Continued Examination Under 37 CFR 1.114
A request for continued examination under 37 CFR 1.114, including the fee set forth in 37 CFR 1.17(e), was filed in this application after final rejection.  Since this application is eligible for continued examination under 37 CFR 1.114, and the fee set forth in 37 CFR 1.17(e) has been timely paid, the finality of the previous Office action has been withdrawn pursuant to 37 CFR 1.114.  Applicant's submission filed on 4/9/2026 has been entered.
 
Information Disclosure Statement
The information disclosure statement (IDS) submitted on 2/19/2023 is in compliance with the provisions of 37 CFR 1.97.  Accordingly, the information disclosure statement is being considered by the examiner.

Status of Claims
Claims 1-2 and 5-22 are pending in this application.

Claim Rejections - 35 USC § 103
In the event the determination of the status of the application as subject to AIA  35 U.S.C. 102 and 103 (or as subject to pre-AIA  35 U.S.C. 102 and 103) is incorrect, any correction of the statutory basis (i.e., changing from AIA  to pre-AIA ) for the rejection will not be considered a new ground of rejection if the prior art relied upon, and the rationale supporting the rejection, would be the same under either status.  
The following is a quotation of 35 U.S.C. 103 which forms the basis for all obviousness rejections set forth in this Office action:
A patent for a claimed invention may not be obtained, notwithstanding that the claimed invention is not identically disclosed as set forth in section 102, if the differences between the claimed invention and the prior art are such that the claimed invention as a whole would have been obvious before the effective filing date of the claimed invention to a person having ordinary skill in the art to which the claimed invention pertains.
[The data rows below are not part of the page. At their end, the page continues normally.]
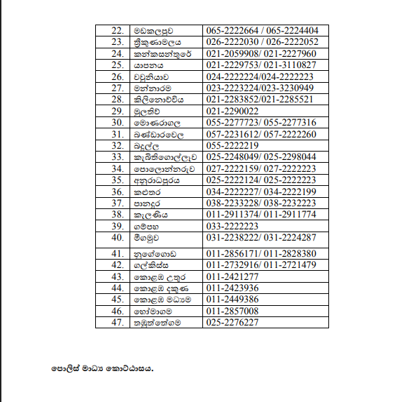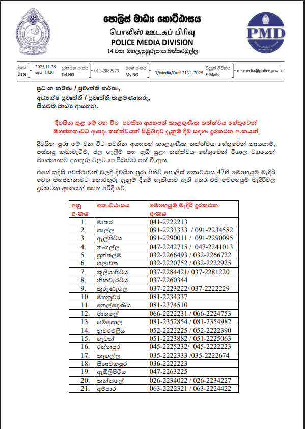 ඒ අනුව හදිසි අවස්ථාවන්වලදී මහජනතාවට ආපදා තත්ත්වයන් පිළිබඳව දැනුම් දීම පොලිසිය සඳහා දුරකථන අංකයන් හඳුන්වා දී ඇත.
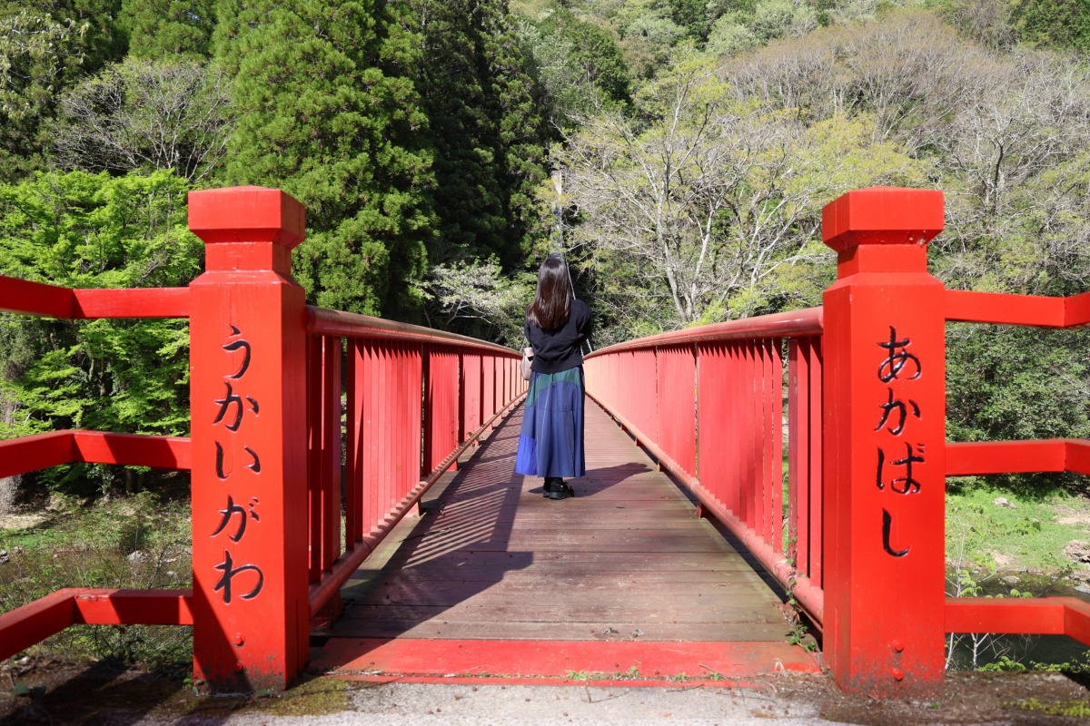 宇甘川にかかる赤橋。下を見ると足がすくみそうですが、怖いけれど渡ってみたくなる魅力があります。
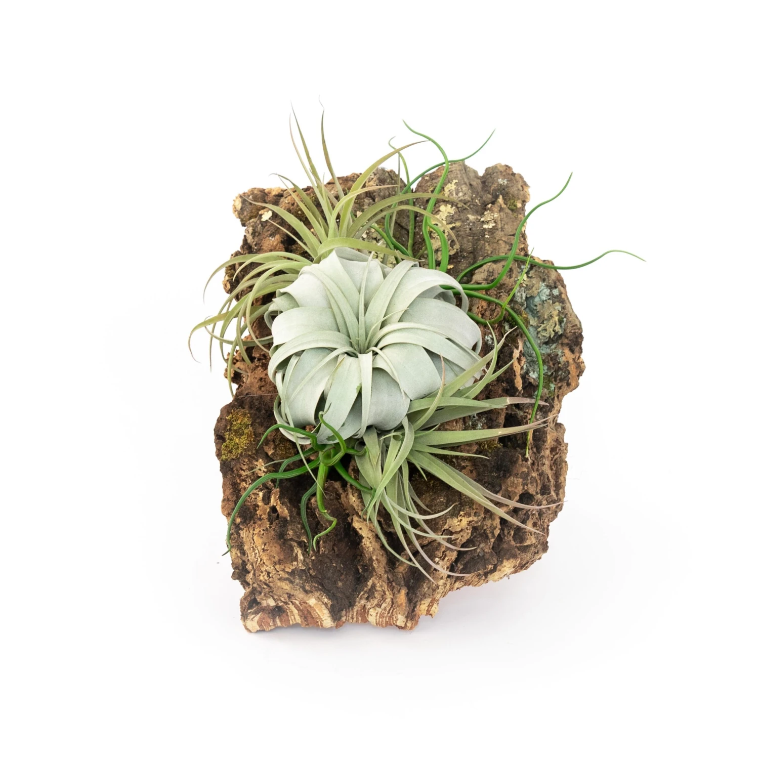 Throughout the tropics, air plants attach themselves to the branches, trunks, and aerial roots of trees. This was the inspiration for this piece. These easy-going plants require bright, but indirect sunlight. Neutral tones complement any environment. Mount multiple arrangements in rows or columns to create a living wall. Every order includes waterproof glue for attaching your air plants. The air plants will not arrive attached to the bark.Â
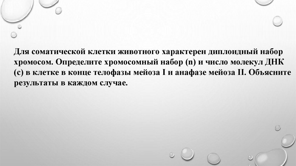 Для соматической клетки животного характерен диплоидный наборхромосом. Определите хромосомный набор (n) и число молекул ДНК

Patentability shall not be negated by the manner in which the invention was made.


Claims 1-2, 5-9, 11, and 13-22 are rejected under 35 U.S.C. 103 as being unpatentable over Degraye et al. (U.S. Patent Application Publication 2020/0211561) in view of Kukde et al. (U.S. Patent Application Publication 2023/00054495).
As per claims 1, 21 and 22, Degraye et al. discloses:
A voice transcript generating system (Figure 10 and paragraph [0141]), comprising: 
one or more processors (Figure 10, item 1004 and paragraph [0141]) configured to: 
transmit the candidate audio stream from a terminal device to a server (Paragraphs [0031], [0076], [0085] & [0150] – the functionality of the system may be divided between different computers, to include servers and clients);
extract candidate voiceprint feature information from a candidate audio stream (Figure 7, item 720 and Paragraphs [0058-0059], [0061] & [0103] – voiceprint information is extracted from the audio stream and matched to mature pre-existing voiceprints); 
perform voice recognition on the candidate audio stream to generate a candidate voice transcript (Figure 7, item 724 and paragraphs [0105-0107] -  a meeting transcription is generated); 
compare the candidate voiceprint feature information with target voiceprint feature information of at least one target subject (Figure 7, item 720 and Paragraphs [0058-0059], [0061] & [0103] – voiceprint information is extracted from the audio stream and matched to mature pre-existing voiceprints);  
upon determination that the candidate voiceprint feature information matches with target voiceprint feature information of a target subject, store the candidate voice transcript and a target identifier for the target subject, the target identifier corresponding to the target voiceprint feature information of the target subject (Figure 7, items 724 & 726 and paragraphs [0105-0110] -  a meeting transcription is generated with linked identifiers (i.e. names)).
reiterating steps of transmitting, extracting, performing voice recognition, comparing, and storing for at least one additional candidate audio stream (Paragraphs [0063-0065] – the process is repeated for each audio segment); and
integrating a plurality of candidate audio streams associated with a same target identifier into an integrated audio stream associated with the same target identifier (Paragraphs [0064-65] – the segments belonging to each different voiceprint are integrated prior to transcription);
wherein performing voice recognition on the candidate audio stream comprises performing voice recognition on the integrated audio stream associated with the same target identifier to generate a meeting record or a meeting summary for a same target subject (Paragraphs [0064-65] – the segments belonging to each different voiceprint are integrated prior to transcription, then transcribed using that voiceprint to improve accuracy).
Dgrave et al. fails to explicitly disclose but Kukde et al. in the same field of endeavor teaches:
the candidate audio stream transmitted from the terminal device to the server is a fragment of an original candidate audio stream; andthe original candidate audio stream comprises the candidate audio stream and at least one interval audio stream that is not transmitted to the server (Figure 6, item 604 and paragraphs [0042-0043], [0046], [0060-0062], [0077] – non-speech audio segments are removed prior to speaker identification which may be done by the client device before sending the audio to the server and does not effect the voice recognition process).
It would be obvious for a person having ordinary skill in the art at the effective filing date of the invention to modify the method of Degraye et al. with the non-speech deletion of Kukde et al. because it is a case of combining prior art elements according to known methods to yield predictable results. Pause and non-speech audio deletion is a well known technique in the art that simplifies transcription production and speaker identification.
Claim 1 is directed to the method of using the system of claim 21, so is rejected for similar reasons.
Claim 22 is directed to a computer readable medium containing instructions to cause a process to act as the system of claim 21, so is rejected for similar reasons.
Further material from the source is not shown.